Когда Кожухов рассказал, как он вроде бы ненароком хотел выведать у Чижикова, информировал ли тот ВЧК о своих выводах, «товарищ из центра» нахмурился и бесцеремонно прикрикнул:

— Разиня!

— Вы это мне? — обиделся Кожухов.

— Да. И не пузыритесь. Патрон в патроннике. Курок взведен. Нужно стрелять. Малейшее дрожание руки — и пуля мимо цели. Возможность второго выстрела исключена. Дон и Кубань волнуются. Тамбовщина полыхает. Флот и армия ворчат. Вот-вот рванет под самым сердцем большевиков. Пора начинать. Понимаете? Северская губерния должна начать. За ней — Петропавловск, Курган, Омск, Барнаул, Новониколаевск, и вся Сибирь, и Дальний Восток. Польша, Франция, Чехословакия, Япония ждут не дождутся этого. Голод уже полузадушил пролетарско-большевистско-комиссарскую диктатуру. Вооруженного натиска изнутри она не выдержит. Нужно только качнуть Сибирь-матушку. Этого ждут от вас затаившийся мир и наш центр…

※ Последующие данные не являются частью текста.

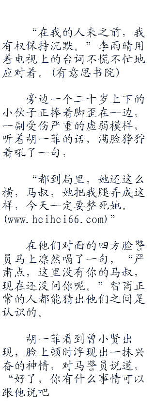 曾小贤收起了轻松的心情,可能是因为职业原因吧,对于警局这种政府机构他心里一直有种莫名的反感。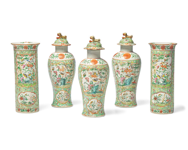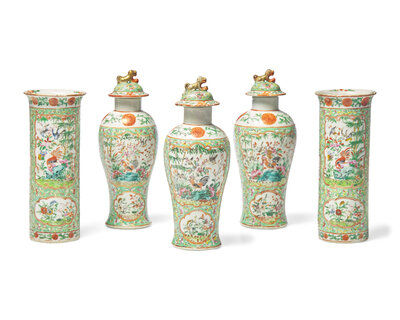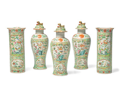 A Chinese Export Porcelain Famille Verte Five-Piece Garniture

— Так почему же я разиня? — вклинился Кожухов, успевший хватить полный стакан самогону.

— Своим, извините покорно, дурацким вопросом вы приковали внимание Чижикова к собственной персоне. Теперь изучением вашей биографии займется чека. От провала вас спасает начавшийся мятеж либо…

— Исчезновение Чижикова, — подсказал Коротышка.

— Совершенно верно, — подтвердил «товарищ из центра». — Причем немедленное и бесследное. Вот ваша боевая задача номер один. Чижиков спелся с Новодворовым. К такому дуэту прислушаются и ВЧК, и Совнарком, и ЦК РКП. Если здешними делами заинтересуется Дзержинский, тогда — крах. Вы это понимаете? Потому надо спешить. Чижика — в клетку, из которой еще никто не вылетал.

— Гы-гы-гы, — довольно заржал Коротышка.

— И это поручаем вам, — метнул в его сторону взгляд «товарищ из центра».

Коротышка вскочил и отчеканил:

— Будет сделано.

— Не сомневаюсь, — «товарищ из центра» обласкал взглядом Коротышку, — Главное, не забывайте психологический эффект. Его надо не просто подстрелить — он должен исчезнуть. Бесследно и бесшумно. Это деморализует остальных. Понятно?

— Так точно, — опять вскочил Коротышка.

— За успех операции, — бритоголовый поднял стакан. — За здоровье Ильи Ильича!

Все чокнулись с Коротышкой. Тот бормотнул растроганно: «Благодарю. Благодарю, господа» — и залпом опорожнил стакан. Некоторое время слышен был хруст огурцов и капусты на зубах, звон посуды, тихое умиротворенное посапывание ведерного самовара. Пани Эмилия выглянула за дверь, увидела бодрствующего Гаврюшу, воротилась к столу.

— Может быть, чайку, господа? — спросила она.

— Можно по стаканчику, покрепче, — согласился бритоголовый, тщательно обтирая губы чистым, хрустящим носовым платком.

Ему первому подала пани Эмилия наполненный стакан, пододвинула вазочку с мелко наколотыми кусочками сахару. Отпив полстакана, «товарищ из центра» снова старательно обтер губы, кашлянул, привлекая внимание собравшихся.

— Еще одно сделать немедленно — вывести из строя железную дорогу на Екатеринбург. Собранный по разверстке хлеб понадобится, чтобы кормить многотысячное войско повстанцев. А без сибирского хлебушка продовольственный баланс большевиков испустит дух, усилив недовольство рабочих центра. Возглавит операцию Добровольский.